# the daughter of a king - iDafa/iDaafa الإضافة



## Mansoor010

Hi guys,

I have a question about the إضافة which I hope someone can help with. I've looked up the topic in a couple of student and reference grammars but no avail. As I understand the issue, "the first term in the construct has neither the definite article nor nunation because it is defined through the second term, which determines the definiteness or indefiniteness of the entire phrase" (Ryding 2005, 211). If we focus on Wright's presentation (Vol II, 225 $22) he gives the following example:

1. بنتُ ملكٍ _*A*_ daughter of _*a*_ king
2. بنتُ الملكِ _*The*_ daughter of _*the*_ king

Now, my question is with respect to formulating the phrases where the annexed and annexing nouns disagree in definiteness.
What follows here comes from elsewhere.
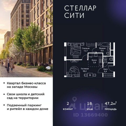 Продается квартира от надежного застройщика Tashir Estate в квартале бизнес-класса Stellar City в ЗАО Москвы. Площадь квартиры составляет: 46.7 кв. м, потолки: 3.1 м Квартира находится на 12 этаже, 4 корпуса жилого квартала Stellar City — микрогорода будущего на орбите Москвы. Stellar City — квартал в ЗАО Москвы вблизи инновационного центра Сколково. В окружении — 11 парков и природных зон, в том числе Долина реки Сетунь, Мещерский лес и парк развлечений The Rink. Город в городе Чтобы дом и инфраструктура вокруг отвечала динамичному лайфстайлу жителя мегаполиса, в основу проекта легла концепция город в городе, которая позволяет решать все бытовые вопросы in-home. В квартале будут возведены школа и детский сад, воркаут-зоны, променад, вело и беговые дорожки, детские площадки для каждого корпуса, а также коммерция на первых этажах для ежедневных покупок. Все необходимое — на расстоянии нескольких шагов. Изящные и лаконичные лобби Авторский дизайн, натуральные материалы в отделке и безупречный интерьер вне времени. Лобби и холлы в проекте бизнес-класса Stellar City ничем не отличаются от входных групп в премиум-сегменте благодаря качественным европейским материалам в отделке, стильному дизайну, консьерж-сервису и уютной зоне ожидания с журнальными столиками и мягкой мебелью. Комфорт и безопасность Закрытая территория, охрана, система СКУД, специально разработанное мобильное приложение дома для резидентов и подземный паркинг с круглосуточным наблюдением и доступом с помощью автоматического считывания номера авто.

Wrights says that, "if we wish the first noun to remain indefinite, whilst the second is definite, we must substitute for the annexation the construction with the preposition لِ". His example is:

3. بنتٌ للملكِ _*A*_ daughter of _*the*_ king

What Wright doesn't address is how one would express the phrase, "_*The*_ daughter of *a* king" where the first noun is definite and the second indefinite (a reverse of construction 3). 
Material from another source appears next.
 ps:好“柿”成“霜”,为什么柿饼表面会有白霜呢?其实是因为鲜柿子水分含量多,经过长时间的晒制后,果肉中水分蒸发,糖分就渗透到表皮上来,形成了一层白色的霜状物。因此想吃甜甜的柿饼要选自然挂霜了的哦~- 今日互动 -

My first assumption is that maybe this isn't good English? But, I imagine the following kind of sentence to be legitimate: "Once long ago there lived the daughter of a king." I can't tell whether it would make any difference in English to say, "Once long ago there lived a daughter of a king" keeping the first noun indefinite. But, nonetheless, I assume the first option is still legitimate. In which case, how does one go about saying, in Arabic, "_*the *x _of _*a*_ _y_"? Is it the reverse of construction 3:

البنتُ لِملكٍ

Help would be appreciated.


----------



## analeeh

I think in most cases this would simply be بنت ملك.


----------



## Mansoor010

Thanks for your response Analeeh. So you mean that you'd use the indefinite اضافة but choose whether to translate as "a daughter of a king" or "the daughter of a king"?


----------



## Drink

I would say that بنت الملك could be translated as any of of "the daughter of the king", "a daughter of the king", or "the daughter of a king", and that بنت ملك could be translated as any of "a daughter of the king", "the daughter of a king", or "a daughter of a king".


----------



## analeeh

Yes. I don't want to go into too much long analytical detail, but I would agree with Drink and add that Arabic definiteness does not necessarily line up with English definiteness, especially when we're talking about the use of definiteness in establishing topics/controlling the flow of information in storytelling, etc.


----------



## apricots

If you consider that "_the daughter of a king_" is the same as saying _"a king's daughter"_ then it follows that بنت ملك is the correct translation.


----------



## Ibn Nacer

For me بنت الملك means : the daughter of the king (la fille du roi).

Because in Arabic, the two words are definite.


----------



## Drink

^But keep in mind that definiteness in French is used differently than definiteness in English.


----------



## Ibn Nacer

^Yes it is possible, I am not an English speaker.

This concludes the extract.